– Папа…
Она взглянула на него внимательнее, прислушалась
[39].
– Его звали Анри, а дальше как?
– Не знаю.
– У него не было второго имени?
– Наверно, было, но я не помню.
Внезапно отвлекшись, она посмотрела на улицу, где солнце палило теперь во всю силу.
– Он был похож на меня?
– Да, вылитый ты. У него были светлые глаза. И лоб как у тебя.
– В каком году он родился?
– Не знаю. Я была на четыре года старше.
– А ты родилась в каком году?
– Не знаю. Посмотри в свидетельстве о браке.
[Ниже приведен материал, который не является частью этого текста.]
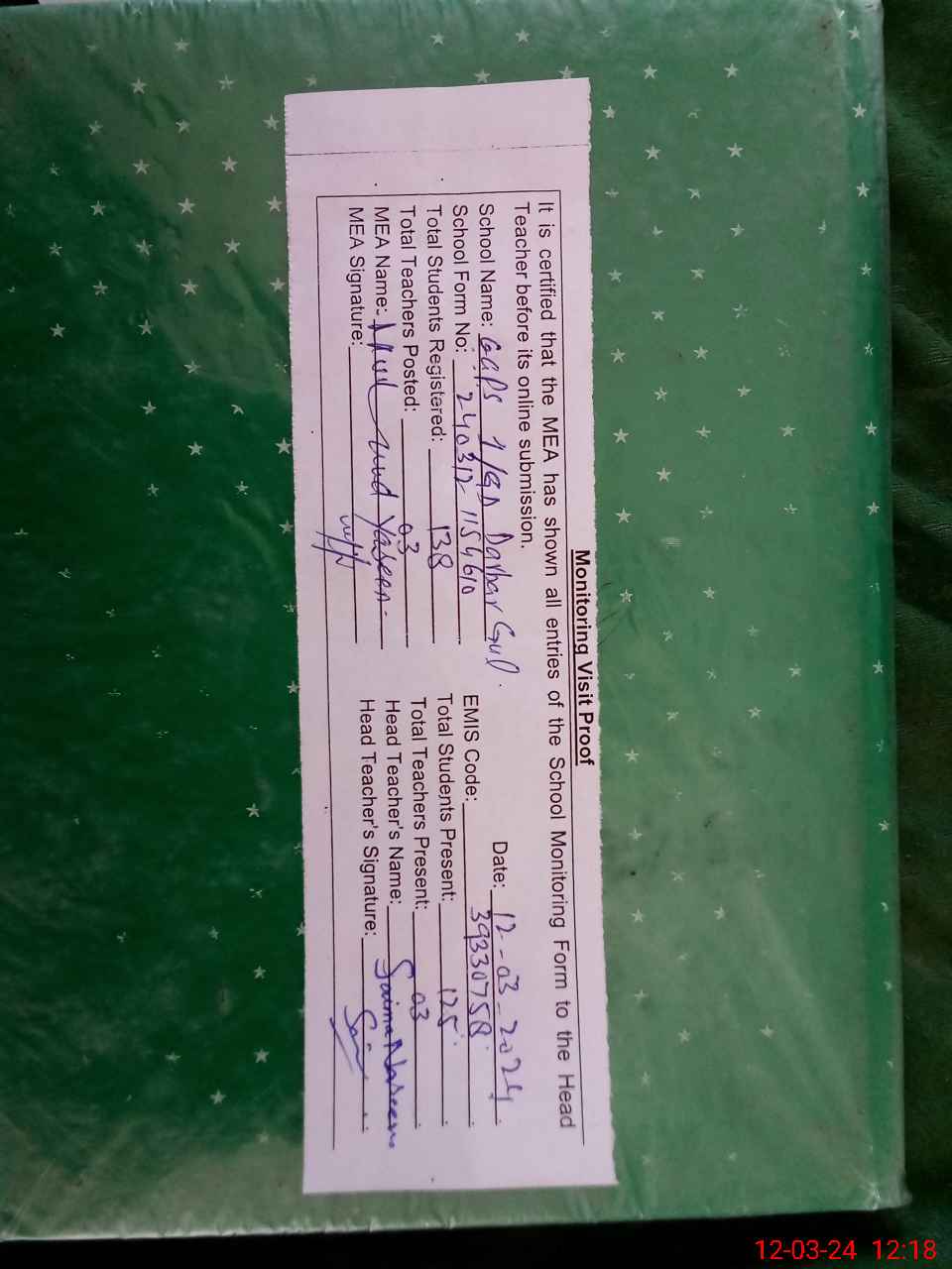| Attendance Register | Head Teacher | MEA with School | Visit Proof |
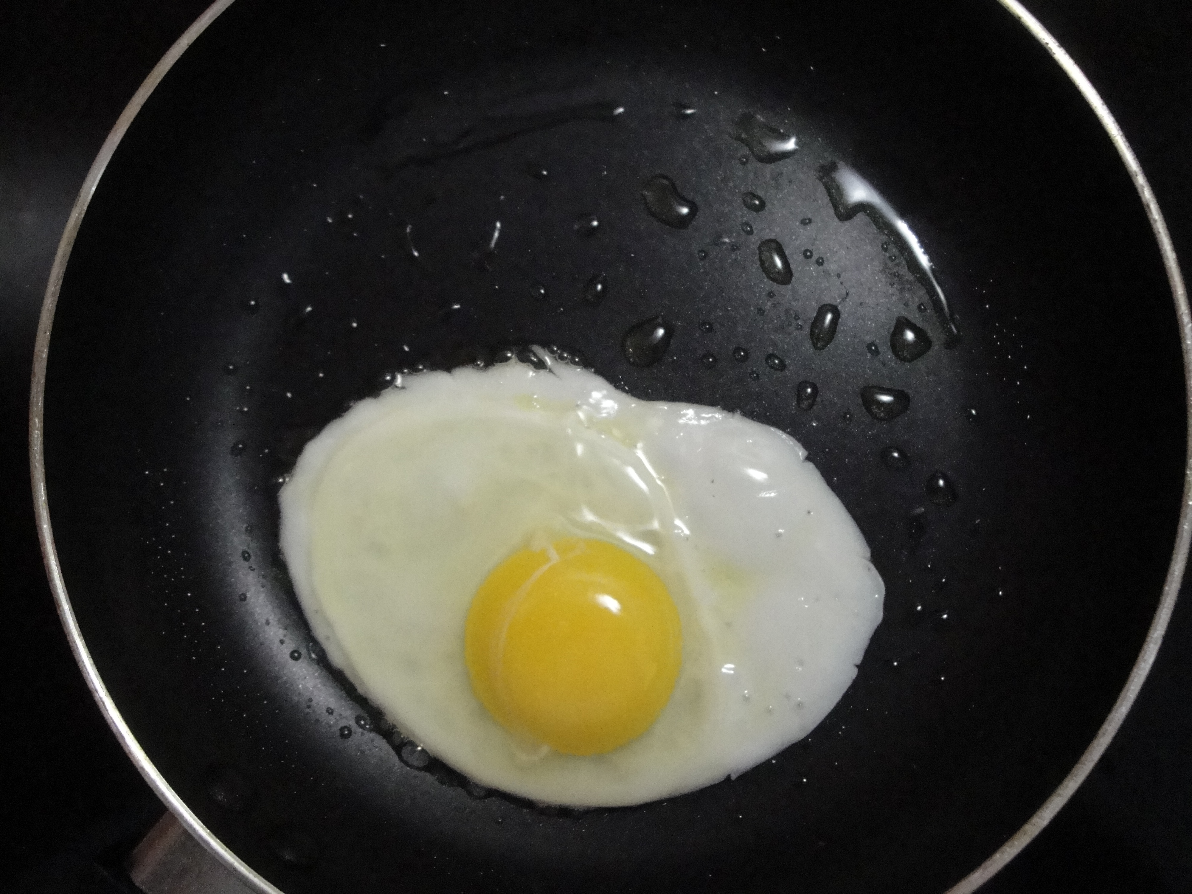 Prepare bacon according to package directions.  Meanwhile, heat olive oil in a nonstick skillet over medium heat and swirl to coat.  Crack eggs into the pan and cook for 2 minutes.  Cover and cook an additional 2 minutes or until whites are set.
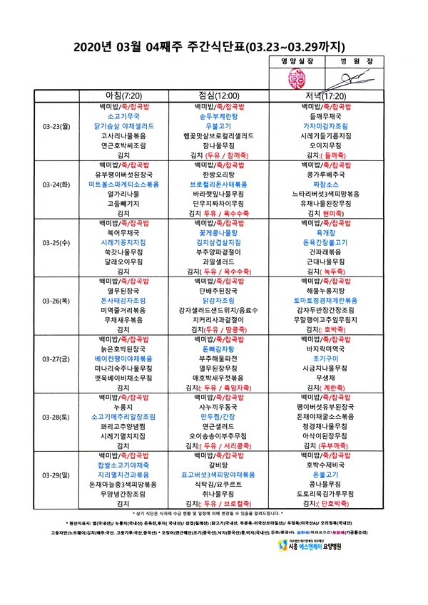 2020년 3월 4째주 주간식단표
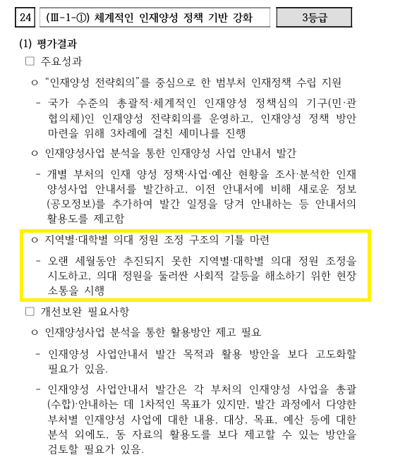 의대 증원이 포함된 '체계적인 인재양성 정책 기반 강화' 과제는 3등급을 받았다.
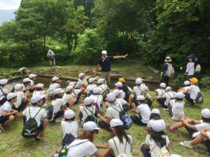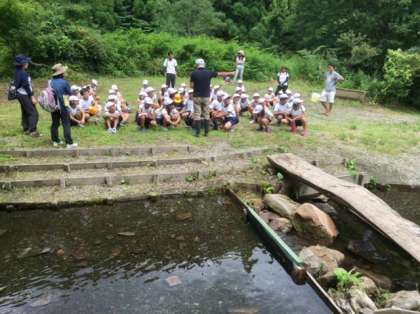 谷常さんから、魚つかみのこつを教えてもらっているところの写真です。
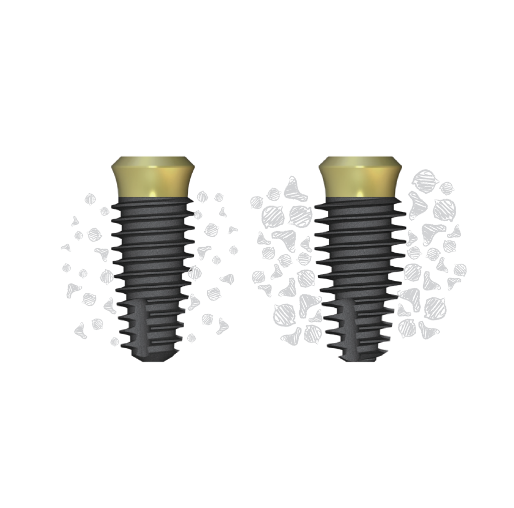 • Alta estabilidad primaria con menor complejidad clínica. La geometría de rosca KnifeThread permite alcanzar una elevada estabilidad primaria, incluso en hueso de baja densidad, facilitando protocolos de carga temprana o provisional inmediata.
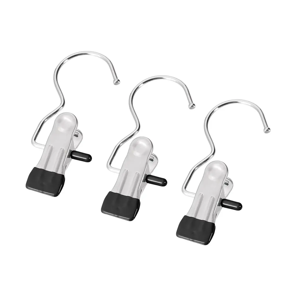 Uxcell Laundry Clips With Hook Metal Boot Hangers Chrome Plated - Black
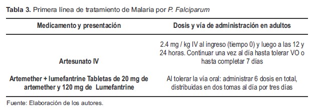 Tabla 3. Primera línea de tratamiento de Malaria por P. Falciparum
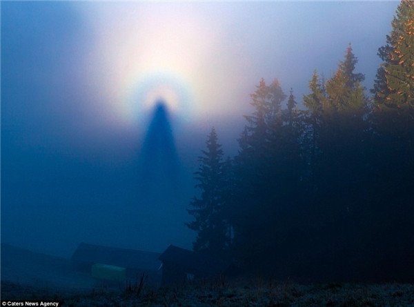 事实上,这种光学现象被称为“布洛肯幽灵”,由于多发在德国布洛肯山上,故得此名。
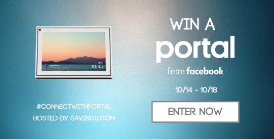 An easy entry sweepstakes! Enter the Savings.com Connect with Portal Sweepstakes for your shot at winning 1 of 3 FREE 10″ Portals from Facebook ($179 value)! Simply enter your e-mail address by October 18th to get your one-time entry in. Winners will be notified via e-mail on October 21st. Good luck!
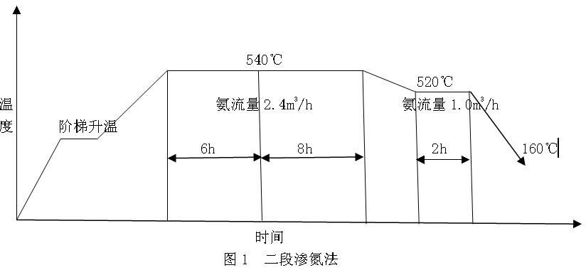 我廠采用負(fù)低壓真空滲氮處理,通過控制氨氣滴注量來調(diào)節(jié)氨氣的分解率。其中氨氣采用循環(huán)滴注,產(chǎn)品的裝夾方式為平放,先低溫入爐預(yù)氧化一段時(shí)間,隨后階梯升溫至滲氮溫度,具體工藝見圖1所示。
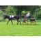 Voiture hippomobile pour ânes ou chevaux de la marque ATEL. Mini DOMINO Marathon, livrée avec quatre freins à disques, Timon et brancards coulissants inox, largeur de voie 120 cm, poid environ 150 kg. couleurs: vert, roues jaunes, filets. Achetée fin 2010 et toujours remisée sous abri. Elle a très peu servie. Valeur neuve en 2010: 5000€. Vendue 50% de son prix, soit 2500€. Des photos vont être ajoutées cette semaine.
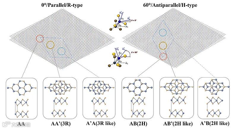 图1. 双层TMDs类材料的堆垛构型图。图片来源:
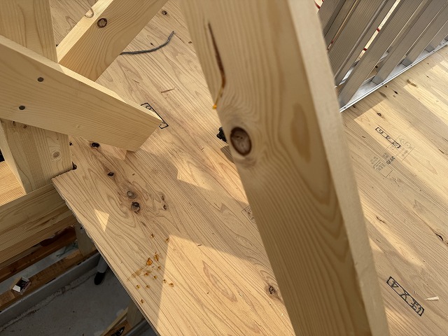 仮筋に使っている栂材からヤニが垂れていました。
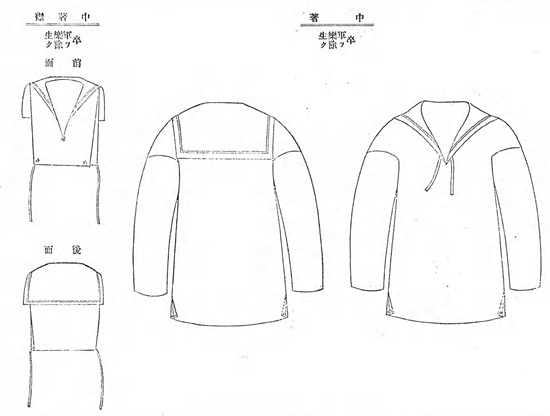 水兵夏装为白色水兵服,衣领为深蓝色,边缘有宽3分的白线。水兵夏装袖口和下摆都有深蓝色小仓织(一种棉织物)边缘。佩戴一条黑色领巾。
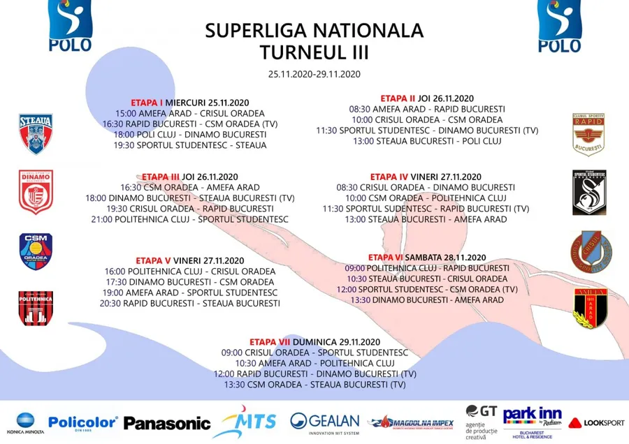 Bazinul de înot „Tolea Grințescu” (Floreasca) găzduiește cel de-al treilea turneu al Superligii Naționale de polo după mult timp de așteptare.
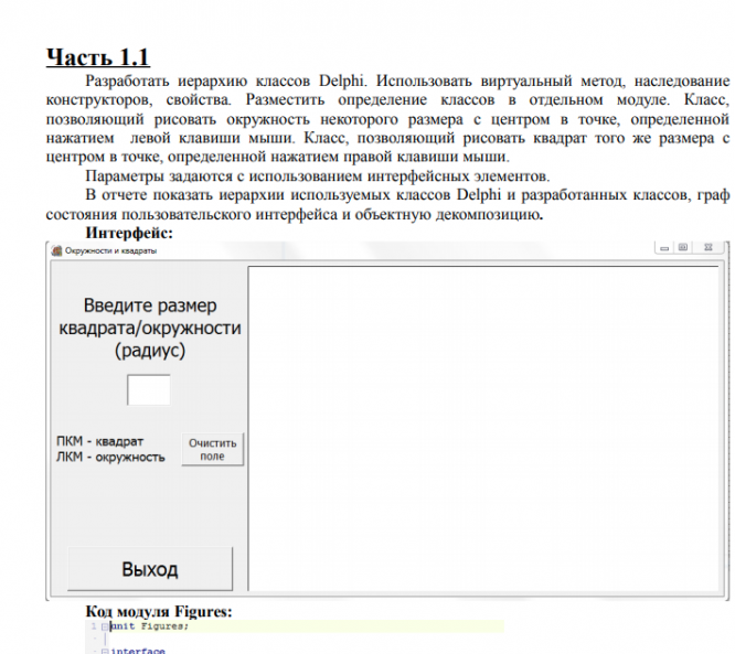 Часть 1.1 Разработать иерархию классов Delphi. Использовать виртуальный метод, наследование конструкторов, свойства. Разместить определение классов в отдельном модуле. Класс, позволяющий рисовать окружность некоторого размера с центром в точке, определенной нажатием левой клавиши мыши. Класс, позволяющий рисовать квадрат того же размера с центром в точке, определенной нажатием правой клавиши мыши. Параметры задаются с использованием интерфейсных элементов. В отчете показать иерархии используемых классов Delphi и разработанных классов, граф состояния пользовательского интерфейса и объектную декомпозицию.
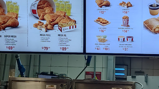Me deje llevar por el nombre, KFC, domingo 7 de la noche, una cola para pagar de 15minutos, en la cajera 5 minutos por la lentitud de la única cajera, además de conversarte : quiere crispo o jugoso, quiere agrandar su bebida, quiere llevar la promoción tal, para comer acá o para llevar, Co ca Fanta o spray, paga directo o en cuotas... Tanto para comer un pollo..y le pregunté cuánto demora en atenderme el pollo y me dice 25 minutos .. Tanto... Y cronometre y demoraron 34 minutos..una hora en dicho KFC. sin comer hasta ese momento. Después el local olía a pezuña, y esto porque se sacan los zapatos los chibolos para jugar en el grass sintético.. sin mentir.. aparte que no había mesas seguro por la larga espera.. y que creen .. mi pollo estaba crujiente pero parecía sacrificado recién porque todavía le vi como una espumita .. mi 56 soles mal gastado.. me imagino debio ser por la cantidad de personas que querían comer, y el personal que no se abastece. La falta de supervisión en la cocina y retirar esos juegos que hacen que se saquen las zapatillas...y los chicos como muchos no se lavan los pies.. era como el olor de un bus interprovincial que viene de Pucallpa y lo tomas en por Chosica.. después de 22 horas de viaje ..olor a KFPezuña.. No quiero desprestigiar pero necesitan una reingeniería dicho local de Mega plaza por el buen...
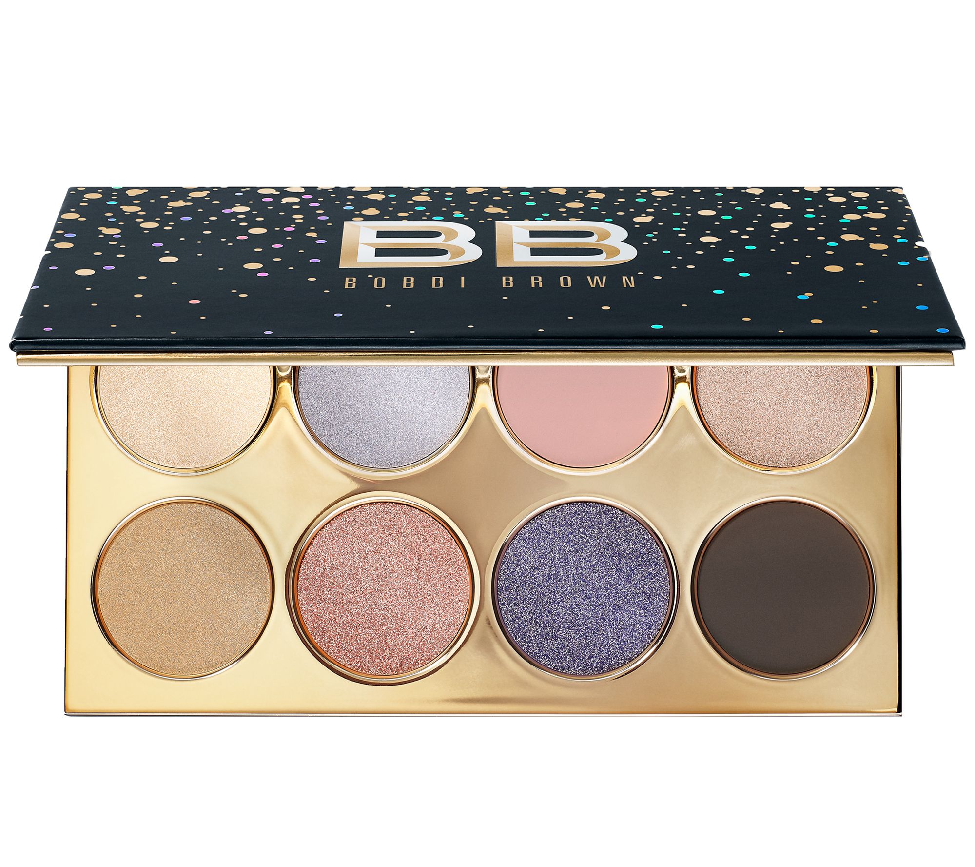 The party-perfect Bobbi Brown Starlight Crystal Eye Shadow Palette features eight shadows from soft to sultry shades in rich matte, metallic, and shimmery finishes. Ideal for creating radiant looks day or night, the palette comes housed in a sophisticated matte compact with festive flecks and a metallic interior with mirror.

Жак пошел в спальню, открыл шкаф. На верхней полочке, между полотенцами, лежали свидетельство о браке, пенсионная книжка и какие-то старые бумаги на испанском языке. Он вернулся с документами в руках.
– Он родился в 1885-м, а ты в 1882-м. Ты была старше на три года.
– Да? Я думала, на четыре! Это было так давно.
– Ты говорила, что он очень рано потерял родителей, и братья отдали его в сиротский приют.
– Да. Братья и сестра.
– У его родителей была своя ферма?
– Да. Они были эльзасцы.
– В Улед-Файе?
– Да. А у нас – в Шераге. Это недалеко.
– Сколько ему было лет, когда у него умерли родители?
– Не знаю. Он был совсем ребенком. Сестра его бросила. Это нехорошо. Он не хотел их видеть.
– Сколько лет было его сестре?
– Не знаю.
– А братьям? Он был самый младший?
– Нет. Второй.
– Значит, его братья были слишком малы, чтобы заботиться о нем.
– Да. Конечно.
– Тогда они перед ним не виноваты.
– Виноваты, он был обижен на них. После приюта, в шестнадцать лет, он вернулся к сестре на ферму. Там на него навалили самую тяжелую работу. Это было не по-людски.
– Он перебрался в Шерагу?
– Да. К нам.
– Тогда ты и познакомилась с ним?
– Да.
Она снова отвернулась к окну, и Жак понял, что так он далеко не продвинется. Но она вдруг сама направила разговор в другое русло.
– Понимаешь, он не умел читать. В приюте их ничему не учили.
– Но ты же показывала мне его открытки с фронта.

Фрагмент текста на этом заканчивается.